By now, most of you know the basics. The Riot Grrrl-inspired Russian feminist punk band has already been imprisoned since March for their “punk prayer” at the altar of a Russian Orthodox Church, drawing international outrage and exposing the corruption of the faux-Democractic Russian State. 

Over the last five months, the story gained traction  in the media, and swelled in recent weeks as scores of Western pop artists publicly backed the cause. Amnesty International calls the women of Pussy Riot “Prisoners of Conscious,” and delivered 70,000 signed petitions from around the globe calling for their release earlier this week — only to be dumped on the sidewalk by Kremlin diplomats outside of the Russian Embassy in Washington D.C.

Pussy Riot in courtroom aquarium

The trial has been an absolute sham by all accounts. A verbally combative judge showed no interest in due process, as exampled by her declining to hear 14 of 17 defense witnesses. Over the last few weeks, the defendants have been made to sit in a glass case during the trial, with guard dogs patrolling the the room. Court sessions lasted 10-11 hours each. A guilty verdict was basically a foregone conclusion. According to the New York Times, the Moscow city court system had a conviction rate of 99.3 percent last year. The only decision today was a political one: how would Putin navigate balancing an image of modernization while maintaining his iron fist and not bending to Western pressure. He chose to lean on the latter.

During closing statements last week, defendant Maria Alyokhina said:

“This trial is not only a malignant and grotesque mask, it is the “face” of the government’s dialogue with the people of our country.

Having spent almost a year in jail, I have come to understand that prison is just Russia in miniature.”

The trial and subsequent guilty verdict make clear the growing insidious relationship between the Kremlin and the Russian Orthodox Church. The pretense under which the sham trial was held was that Pussy Riot had offended the “true believers.” They had offended the patriarchs of the church (including this guy). No matter that there is no evidence to support this accusation. 

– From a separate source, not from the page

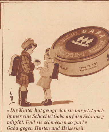
«Die Mutter hat gesagt, daß sie mir jetzt auch immer eine Schachtel Gaba auf den Schulweg mitgibt. Und sie schmecken so gut!» Gaba gegen Husten und Heiserkeit.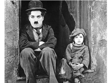
1921 LE GOSSE (The Kid) de Charles Chaplin avec Jackie Coogan

Nadezhda Tolokonnikova said:

“Passion, total honesty, and naïveté are superior to the hypocrisy, mendacity, and false modesty that are used to disguise crime. The so-called leading figures of our state stand in the Cathedral with righteous faces on, but, in their cunning, their sin is greater than our own.

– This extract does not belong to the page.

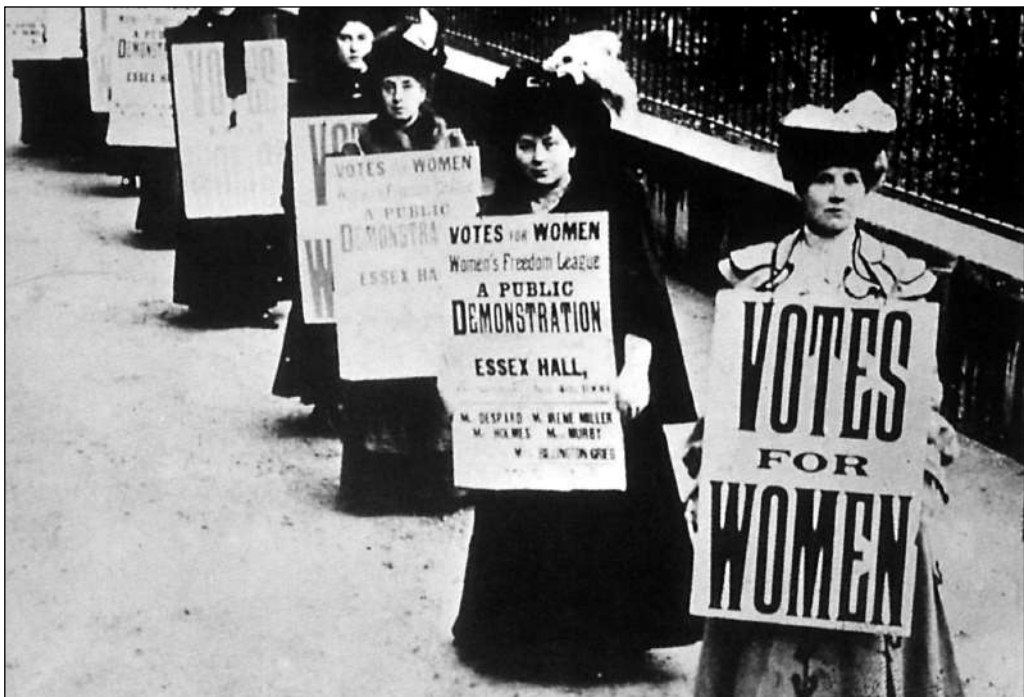
En 1860 o movemento das sufraxistas inglesas conseguiu mobilizar moitas mulleres para reclamar o dereito ao voto.

I don’t want to label anyone. It seems to me that there are no winners, losers, victims, or defendants here. We all simply need to reach each other, connect, and establish a dialogue in order to seek out the truth together. Together, we can seek wisdom and be philosophers, instead of stigmatizing people and labeling them. That is the last thing a person should do.”

During the reading of the verdict Judge Marina Syrova said the Pussy Riot members “imitated demonic attacks.”

Yekaterina Samutsevich:

“Our sudden musical appearance in the Cathedral of Christ the Savior with the song ‘Mother of God, Drive Putin Out’ violated the integrity of the media image that the authorities had spent such a long time generating and maintaining, and revealed its falsity. In our performance we dared, without the Patriarch’s blessing, to unite the visual imagery of Orthodox culture with that of protest culture, thus suggesting that Orthodox culture belongs not only to the Russian Orthodox Church, the Patriarch, and Putin, but that it could also ally itself with civic rebellion and the spirit of protest in Russia.”

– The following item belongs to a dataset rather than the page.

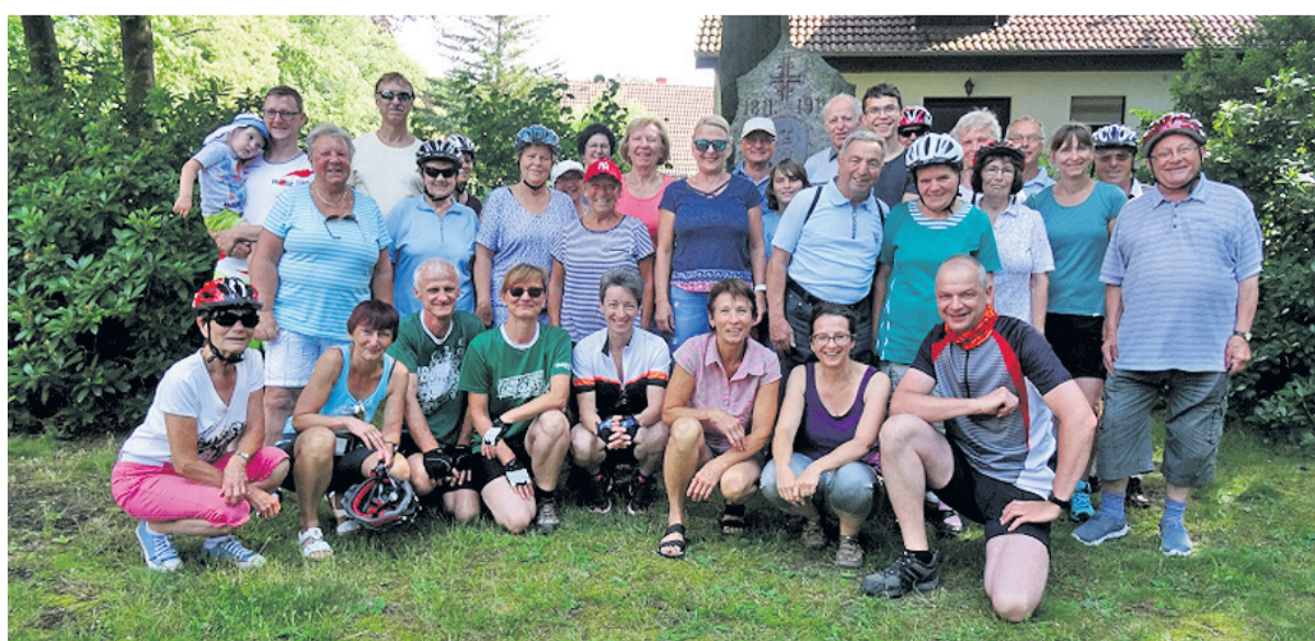
Bei der 26. Auflage gingen 33 Teilnehmer an den Start. Zwei Strecken waren im Angebot.

We often refer to the three individuals as one: Pussy Riot. We think of them as a balaclava-clad group of heroines fighting the Putin machine. This is all true, but it is important to humanize the trio at the same time as we lionize them. Nadezhda Tolokonnikova is just 22 years-old. She has a 4 year-old daughter and is a student of philosophy. Maria Alyokhina, also a mother, studies journalism and creative writing. Yekaterina Samutsevich, the eldest at a mere 30 years, is known especially for her LGBT advocacy. All three have a history of fighting for humanitarian and environmental justice through nonviolent direct action and protest art.

Maria Alyokhina:

“All you can deprive me of is “so-called” freedom. This is the only kind that exists in Russia. But nobody can take away my inner freedom. It lives in the word, it will go on living thanks to openness [glasnost], when this will be read and heard by thousands of people. This freedom goes on living with every person who is not indifferent, who hears us in this country. With everyone who found shards of the trial in themselves, like in previous times they found them in Franz Kafka and Guy Debord. I believe that I have honesty and openness, I thirst for the truth; and these things will make all of us just a little bit more free. We will see this yet.”

The world is watching, Russia. Free Pussy Riot.